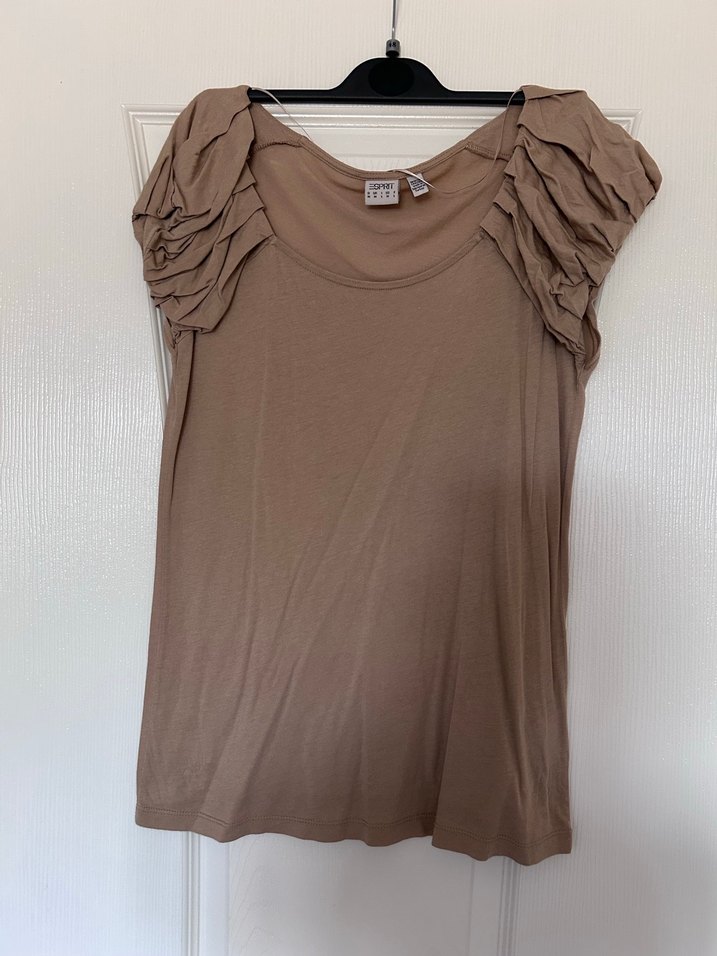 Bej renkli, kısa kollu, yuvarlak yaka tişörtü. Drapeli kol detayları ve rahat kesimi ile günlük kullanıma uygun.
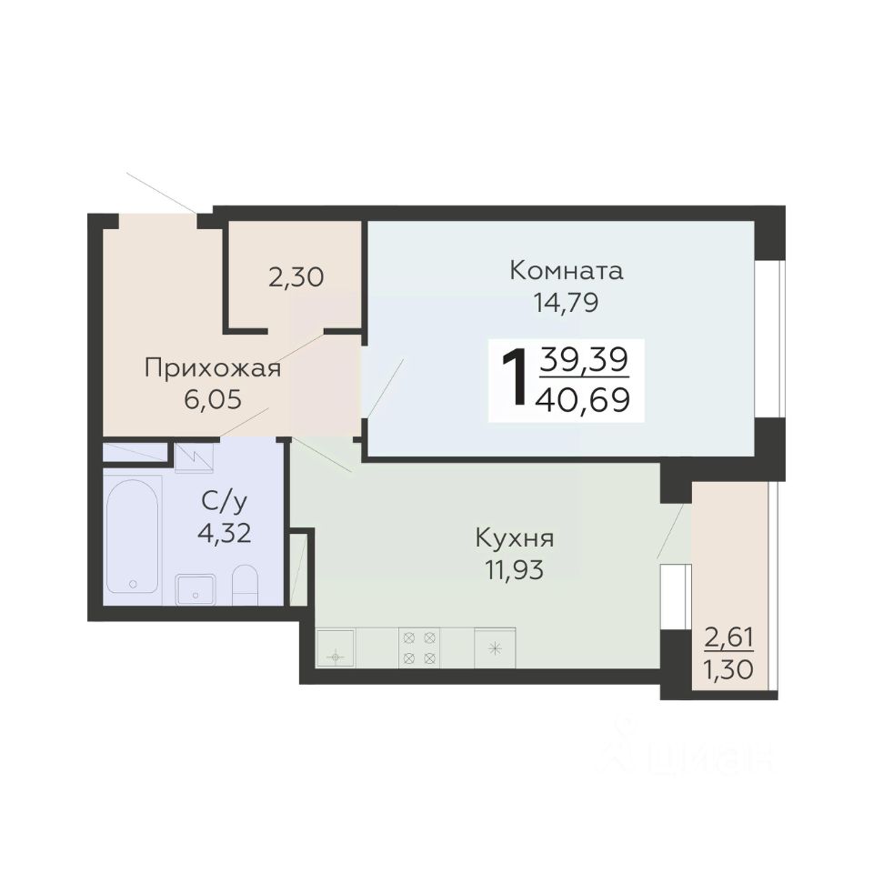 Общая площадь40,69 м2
---
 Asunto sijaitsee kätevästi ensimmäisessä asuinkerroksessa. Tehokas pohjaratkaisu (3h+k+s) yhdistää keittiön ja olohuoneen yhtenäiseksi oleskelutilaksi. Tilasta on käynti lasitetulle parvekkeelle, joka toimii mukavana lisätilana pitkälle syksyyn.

ACTIVITY:
Output exactly the lines above, from the line with "Bej renkli, kısa" to the line with "Общая площадь40,69 м2", both included; skip the pictures.

SOLUTION TO THIS EXERCISE:
 Bej renkli, kısa kollu, yuvarlak yaka tişörtü. Drapeli kol detayları ve rahat kesimi ile günlük kullanıma uygun.
 Общая площадь40,69 м2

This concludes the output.